Intel P6 (Pentium II, Pentium III)
- L1 Data cache = 16 KB. 32 B/line, 4-WAY. (Write-Allocate)
- L1 Instruction cache = 16 KB. 32 B/line, 4-WAY.
- L2 cache size = 256 KB / 512 KB. 32 B/line, ?-WAY
- 4 KB pages data TLB size = 64 items (4-WAY). Miss penalty = 5
- 4 MB pages data TLB size = 8 items. Miss penalty = 6
- PDE cache size = 2 entries cover 8 MB (or 4 MB in PAE mode)
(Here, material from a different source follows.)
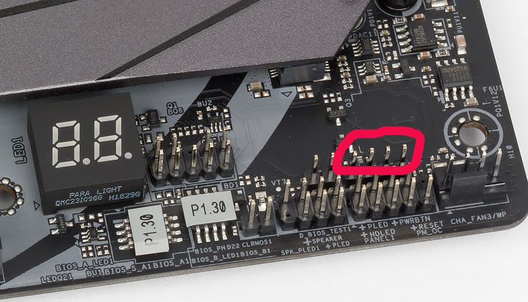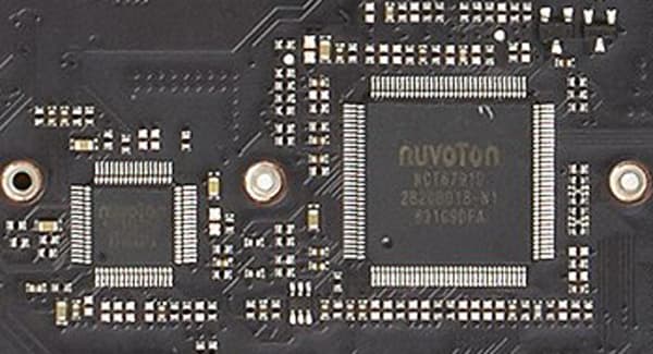 Да, и еще разъемы для подключения вентиляторов. Их на плате много — 8 штук. CPU_FAN1 предназначен для обычного воздушного кулера процессора, а CPU_FAN2 — для подключения мониторинга жидкостной системы охлаждения процессора. CHA_FAN1—6 поддерживают любые системы охлаждения корпуса, включая также и жидкостные (например, на видеокарте). Мониторинг этих разъемов, а также работу порта PS/2 обеспечивает I/O-контроллер Nuvoton, расположенный на обороте платы.
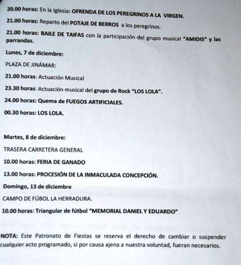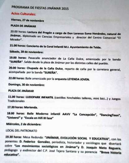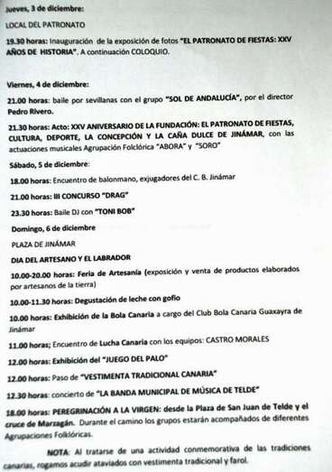 En lo que concierne al programa en sí, que se inicia el día 27 con la lectura del pregón por parte de Esma, destacan el pasacalles anunciador del día 28, la chupada de la caña dulce ese mismo día a partir de las 20.00 horas, la mesa redonda programada para el 2 de diciembre sobre los movimientos sociológicos en Jinámar, la inauguración de la muestra de fotos del Patronato el día 3, el reconocimiento oficial del día 4, el concurso drag de la jornada siguiente y ya, metidos en el fin de semana más intenso, el día del artesano y del labrador (6 de diciembre, con feria de artesanía, degustación de leche con gofio, lucha canaria, juego del palo, concierto de la banda municipal y peregrinación a la virgen, ofrenda, potaje de barroes y baile de taiflas), la apasionante víspera del 7 de diciembre con sus célebres fuegos artificiales y la feria de ganado y la procesión del Día de la Inmaculada.

- 32-bytes range cross penalty = 9 cycles
- L1 B/W (Parallel Random Read) = 1 cycles per one access
- TLB miss handler works only with one request at time.
- L2 and RAM Write operation uses Read and Write operations. (Write-Allocate in L1 cache).
Intel Pentium III-S
Intel Pentium III-S 1400 Mhz (133 * 10.5), Tualatin (130 nm), FSB 133 MHz, 32.2W, dual CPU motherboard,
ServerWorks ServerSet III LE, 3 x 1 GB PC133 ECC CL3.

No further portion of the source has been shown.